DATA EXCERPT:
▶

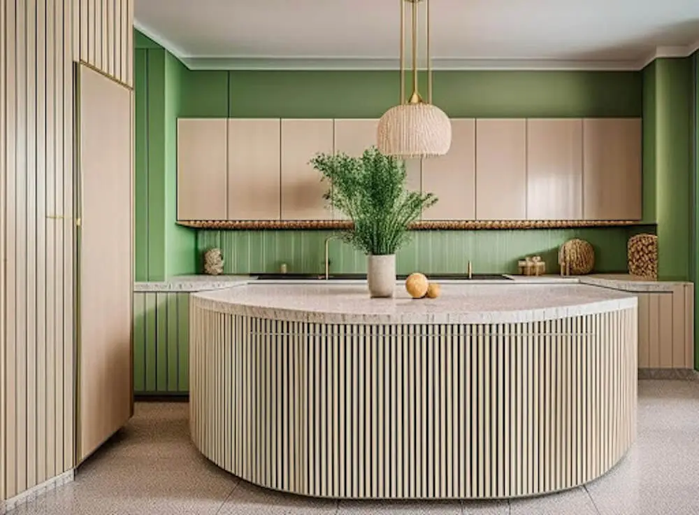Данный цвет и все его оттенки считается наиболее приятным для восприятия. В фен-шуй говорится о его благотворном влиянии как на душевное состояние, так и на самочувствие. Зеленый цвет, как и все его оттенки, от оливкового до изумрудного, ассоциируются с природной красотой и гармонией. Больше всего для кухни подойдут именно теплые тона: фисташковый, грушевый, цвет лайма, а также салатовый и оливковый.
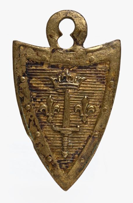Hoedenstandaard, twee dunne pionvormen van donker ho...
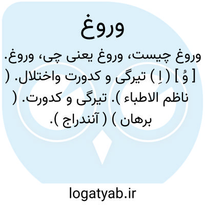 وروغ. [ وُ ] ( اِ ) تیرگی و کدورت واختلال. ( ناظم الاطباء ). تیرگی و کدورت. ( برهان ) ( آنندراج ). مقابل فروغ. ( فرهنگ فارسی معین ):

◀

WORK TO COMPLETE:
Print the material above exactly as it appears, but not its pictures.

ANSWER BOX:
Данный цвет и все его оттенки считается наиболее приятным для восприятия. В фен-шуй говорится о его благотворном влиянии как на душевное состояние, так и на самочувствие. Зеленый цвет, как и все его оттенки, от оливкового до изумрудного, ассоциируются с природной красотой и гармонией. Больше всего для кухни подойдут именно теплые тона: фисташковый, грушевый, цвет лайма, а также салатовый и оливковый.
Hoedenstandaard, twee dunne pionvormen van donker ho...
 وروغ. [ وُ ] ( اِ ) تیرگی و کدورت واختلال. ( ناظم الاطباء ). تیرگی و کدورت. ( برهان ) ( آنندراج ). مقابل فروغ. ( فرهنگ فارسی معین ):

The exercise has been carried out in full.